MMMM what an interesting day i have had.
I am getting to the stage now where all i can think about is sex, sex with ex's and sex with anyone that gives me a wink or a smile. I know that sounds like i am desparate ( well that is slightly true) there is only so much you can do by yourself on a friday night.
I am constantly on the look out for someone who tickles my fancy so to speak, i am not overly bothered by the looks, as long as i not only get a good seeing to , but that they dont jump out of bed , grab their clothes and leave after the sex! I would like a guy that snuggles up with me, and makes me have more of a reson to smile.
to but it blankly, i need to be wanted and show lots of affection, im a greedy bitch when it comes to love, i always make them feel loved, so why cant i ask for the same treatment, none of this bulshit, you dont give to recieve, in the case of sex, YES YOU DO!
So back to the looks thing, there are reasons why it is important to have a guy with the looks
1) you can actually look at them during sex (obv one!)

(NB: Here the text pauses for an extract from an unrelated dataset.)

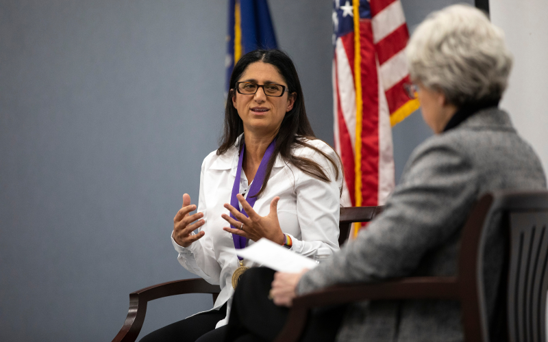 Members of Dr. David Axelrod’s family and former colleagues, students, faculty, alumni, public health professionals, non-profit organizations and community members gathered at the Health Sciences Campus for the Axelrod medal presentation and to hear Dr. Hanna-Attisha speak about her work. Through a “fireside chat” format, she answered questions posed by School of Public Health Interim Dean Mary Gallant on the Flint water crisis, speaking science to power, and environmental injustice and racism.
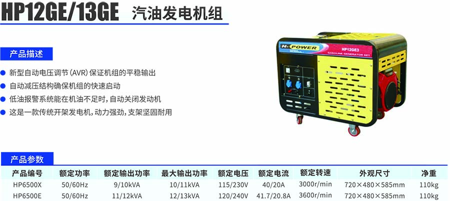 HP12GE/13GE汽油發(fā)電機(jī)組

2) i feel more turned on by having a hot gym on top, or underneath me
3) not embaressing if they have to meet your friends
but no matter how much i am loking, i am far too critical of any man i look at, i am very hard to please, but when your as gaggin as i am, the standards are slightly lowered.I am even more keen on men with bum fluffed bottoms, the hairy bums is doing it for me, i even asked a Ted at work wether he had a hairy botty, shame he didnt, i would of HAD to have taken him to his stockroom for a full inspection
Right enough sex talk from me today, giving me too many ideas, and i dont wanna have to go down the ex route, or the text boy list this evening!!